2.2.2. Position Update Policy

The convergence and convergence speed of the algorithm are greatly related to the position weighting factor, and the core parameter-tuning strategy only considers improving the velocity update without considering the position update. In order to control the influence of velocity on position, the constraint factor ($\mathsf{\alpha }$) is added to the position update formula, and $\mathsf{\alpha }$ is introduced in order to achieve the weight of the control velocity to reduce blindness in the search process and improve the convergence rate.

• The Constraint Factors

In basic PSO, the new position of a particle is equal to its current position plus the current velocity, but the position vector and velocity vector cannot be added directly, so there must be a constraint factor between the two in the position update formula, and the constraint factor in the traditional PSO algorithm is equal to 1. $\mathsf{\alpha }$ guides the particle to hover around the best position, and the improvement of $\mathsf{\alpha }$ controls the influence of velocity on position so that the convergence of the algorithm is better improved.$\mathsf{\alpha }$ based on $w$ change is used in this paper which, in the early stage, is influenced by particle velocity and has strong exploration ability. In the later stage, it is less influenced by particle velocity and has strong local search ability.
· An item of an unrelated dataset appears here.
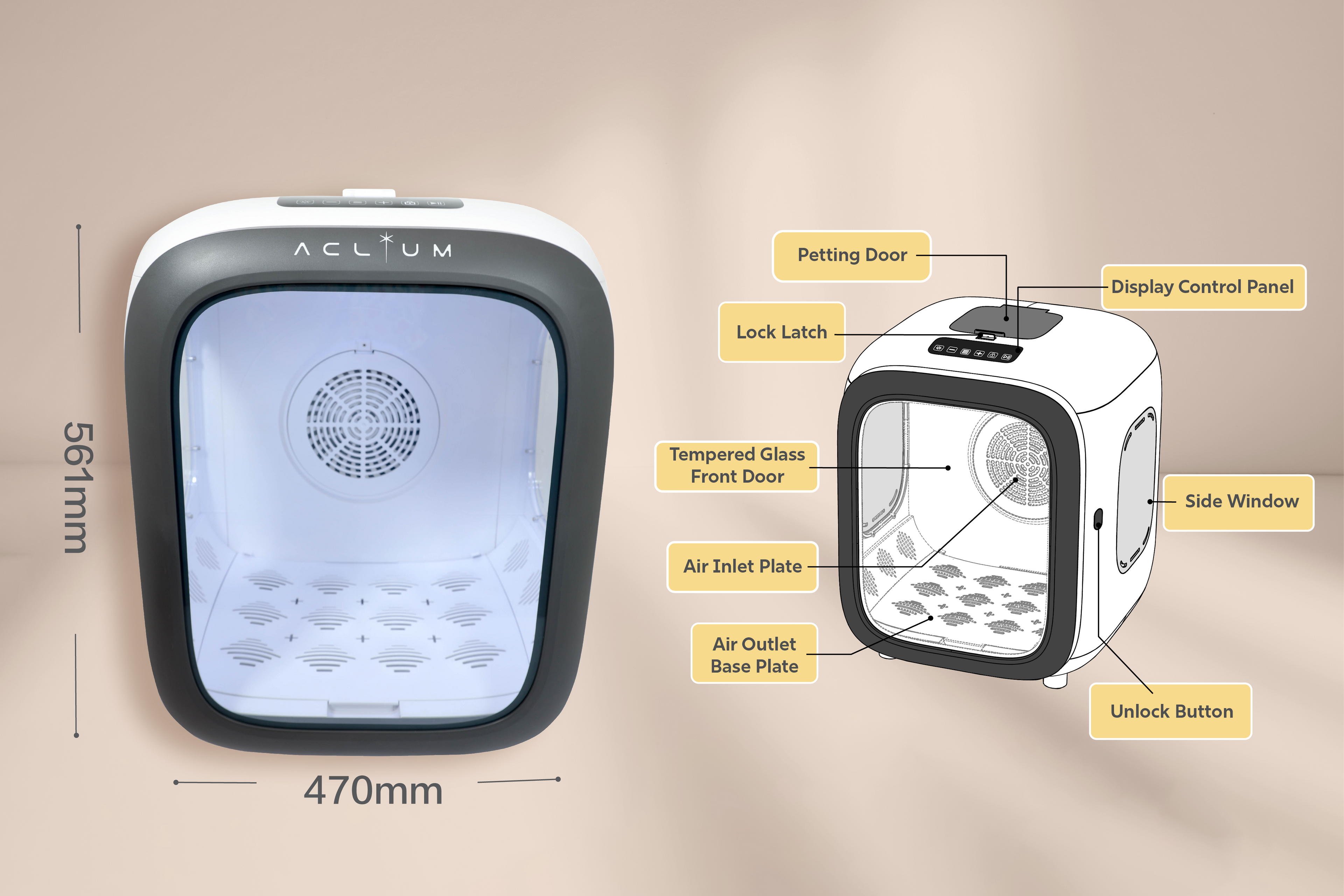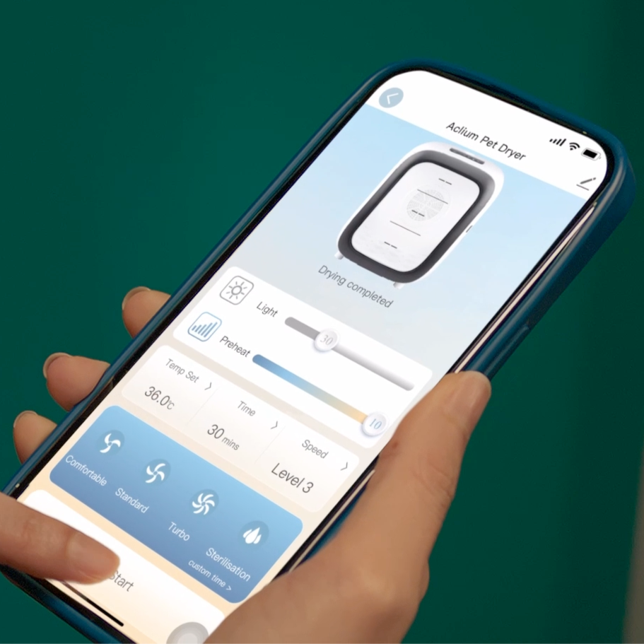 Powerful airflow from the bottom accommodates your pet's position and ensures even coverage, reducing drying time. Customise temperature, heat intensity, blowing speed, and drying duration with the intuitive control panel.

$$\begin{gathered} x_{ij}(t+1)=x_{ij}\left(t\right)+\mathsf{\alpha }{v}_{ij}(t+1) \\ \mathsf{\alpha }=0.1+w \end{gathered}$$

(5)

2.2.3. Model of APSO/DU

The flow of the APSO/DU is shown in Figure 2.

2.3. Numerical Experiments and Analyses

In order to test the performance of the APSO/DU algorithm, three commonly used test functions were selected for the experiment. The test functions are shown in

Table 1. Three test functions.

Selection	Function	Search Range	Global Optimum
$\mathrm{Sphere}$	$f_1={\displaystyle {\displaystyle \sum }_{i=1}^D}{x}_i^2$	$\left[-100, 100\right]$	$min{f}_1=0$
$\mathrm{Schwefel}\prime \mathrm{sp}2.22$	$f_2={\displaystyle {\displaystyle \sum }_{i=1}^D}\left|x_i\right|+{\displaystyle {\displaystyle \prod }_{i=1}^D}\left|x_i\right|$	$\left[-10, 10\right]$	$min{f}_2=0$
$\mathrm{Griewank}$	$f_3=\frac{1}{4000}{\displaystyle {\displaystyle \sum }_{i=1}^D}{x}_i^2-{\displaystyle {\displaystyle \prod }_{i=1}^D}cos\left(\frac{x_i}{\sqrt{i}}+1\right)$	[$-600, 600]$	$min{f}_3=0$

.

• Contrast algorithms

The parameters of each PSO algorithm are shown in

Table 2. Parameter setting of each PSO algorithm.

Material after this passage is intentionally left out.